Overview
Identity Analytics (sometimes called Identity Intelligence) is the application of data science and machine learning to IGA data. Instead of static reports ("Who has access?"), analytics answers dynamic questions: "Who has too much access?", "Who is an outlier compared to their peers?", and "Who has access they never use?"
This discipline moves IGA from "Managing Administration" to "Managing Risk." By analyzing behavior and entitlement patterns, organizations can predict risks and automate remediation, reducing the burden on human reviewers.
Architecture
Reference Pattern: The Analytics Engine
The engine ingests static data (entitlements) and dynamic data (usage logs) to generate insights and trigger actions.
Diagram
Key Decisions
| Decision | Options | Recommendation | Notes / Gotchas |
|---|---|---|---|
| Data Sources | IGA only, IGA + SIEM, Full Stack | IGA + Usage (SIEM/Logs) | You cannot detect "unused access" without usage logs. |
| Peer Grouping | Static (Dept/Title), Dynamic (Clustering) | Dynamic Clustering | Job Titles are often wrong. Dynamic clustering finds "people who do similar work." |
| Risk Scoring | Composite Score, Binary Alert | Composite Score (0-100) | Allows for prioritization. "Focus on users with Risk > 80." |
| Actionability | Dashboard, Auto-Revoke, Micro-Cert | Micro-Cert & Context | Dashboards are where data goes to die. Trigger a review or show context in the UI. |
| Model Transparency | Black Box, Explainable | Explainable | Reviewers won't revoke access because "The AI said so." You must show WHY (e.g., "0% of peers have this"). |
Implementation
Phase 1: Visibility & Cleanup
- Ingest identity and entitlement data.
- Identify "Empty Groups" and "Dormant Accounts."
- Identify "Orphan Accounts."
- Goal: Low-hanging fruit cleanup.
Phase 2: Peer Analysis & Role Mining
- Implement peer grouping algorithms.
- Identify outliers (users with 20% more access than peers).
- Suggest candidate Roles based on common clusters.
- Goal: Standardization and "Role Engineering."
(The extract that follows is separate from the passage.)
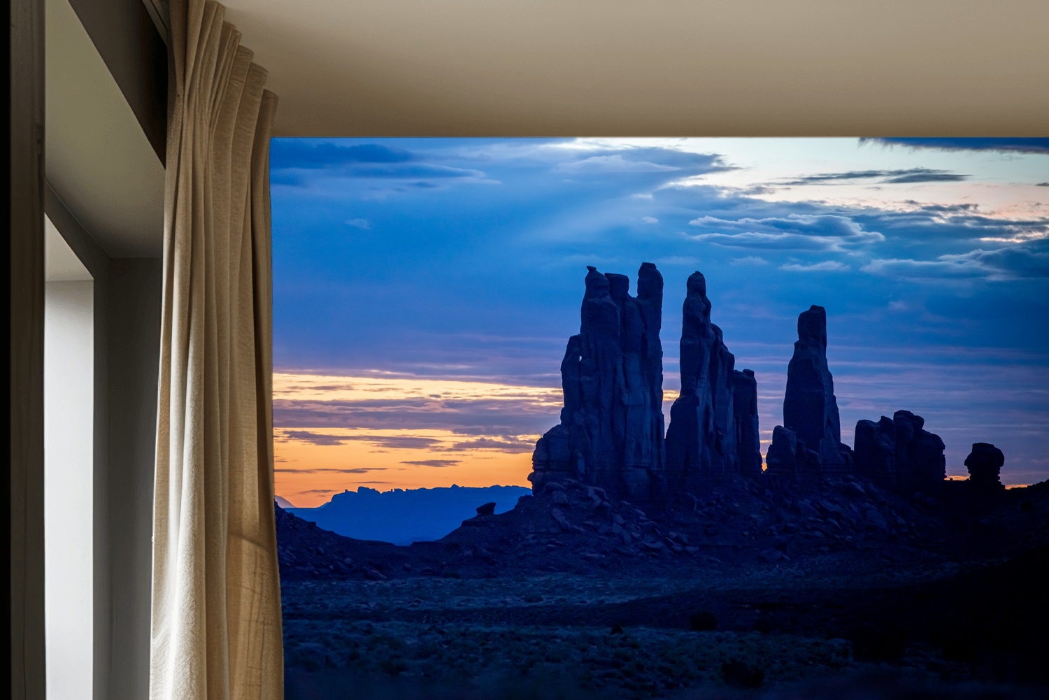 Breng de ruige schoonheid van de woestijn in huis met ons fotobehang ‘Mystieke Woestijnsilhouetten bij Zonsondergang’. Deze intrigerende afbeelding vangt het moment waarop de dag overgaat in nacht, met indrukwekkende rotsformaties die zich krachtig aftekenen tegen een kleurrijke hemel. De diepblauwe en oranje tinten zorgen voor een warme maar mysterieuze sfeer in elke ruimte. Perfect voor wie houdt van avontuur en de rust van de natuur. Transformeer uw muur in een kunstwerk en geniet dagelijks van het majestueuze landschap van de woestijn.

Phase 3: Behavioral & Risk-Based
- Ingest activity logs (who accessed what).
- Flag entitlements that haven't been used in 90 days.
- Calculate dynamic risk scores for every user.
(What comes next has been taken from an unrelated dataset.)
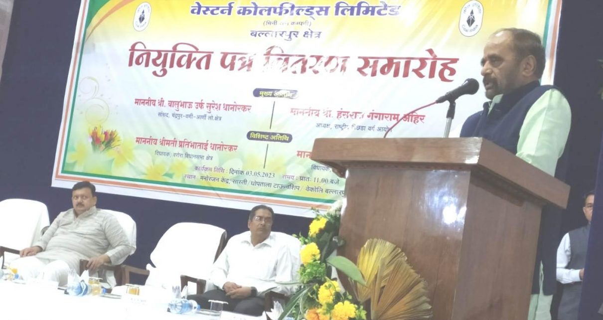 वेकोलि बल्लारपूर क्षेत्राच्या मनोरंजन केंद्र सास्ती (धोपटाळा) येथे दि. 03 में, 2023 रोजी पार पडलेल्या वेकोलि प्रकल्पग्रस्तांना नियुक्तीपत्र प्रदान कार्यक्रमास प्रमुख अतिथी म्हणुन मार्गदर्शन करतांना ते बोलत होते. या कार्यक्रमास खासदार बाळुभाऊ धानोरकर, आमदार सुभाष धोटे, वेकोलि मुख्यालयाचे तांत्रिक निदेशकव्दय श्री. जयप्रकाश व्दिवेदी, श्री. अनिल कुमार सिंह, बल्लारपूर क्षेत्रीय महाप्रबंधक श्री. सव्यसाची डे, भाजपा पदाधिकारी अरुण मस्की, हरिदास झाडे आदी मान्यवर उपस्थित होते.

- Goal: Continuous compliance and automated least privilege.
Risks
- Bad Data Quality: If HR data (Manager, Dept) is wrong, peer grouping will be wrong, leading to false positives.
- "Black Box" Mistrust: Reviewers ignoring recommendations because they don't understand the logic.
- Alert Fatigue: Flooding admins with "Anomalous Access" alerts that turn out to be legitimate.
- Privacy Concerns: Analyzing user behavior (time of day, location) can cross privacy lines in some jurisdictions (GDPR/Works Councils).
KPIs
- Risk Reduction: Average Risk Score of the user population over time (should trend down).
- Revocation Rate (Analytics-Driven): Percentage of revocations triggered by analytics recommendations vs. manual reviews.
- Role Fit: Percentage of user access covered by mined roles (Target: > 80%).
- Orphan/Dormant Detection: Number of account anomalies identified and resolved.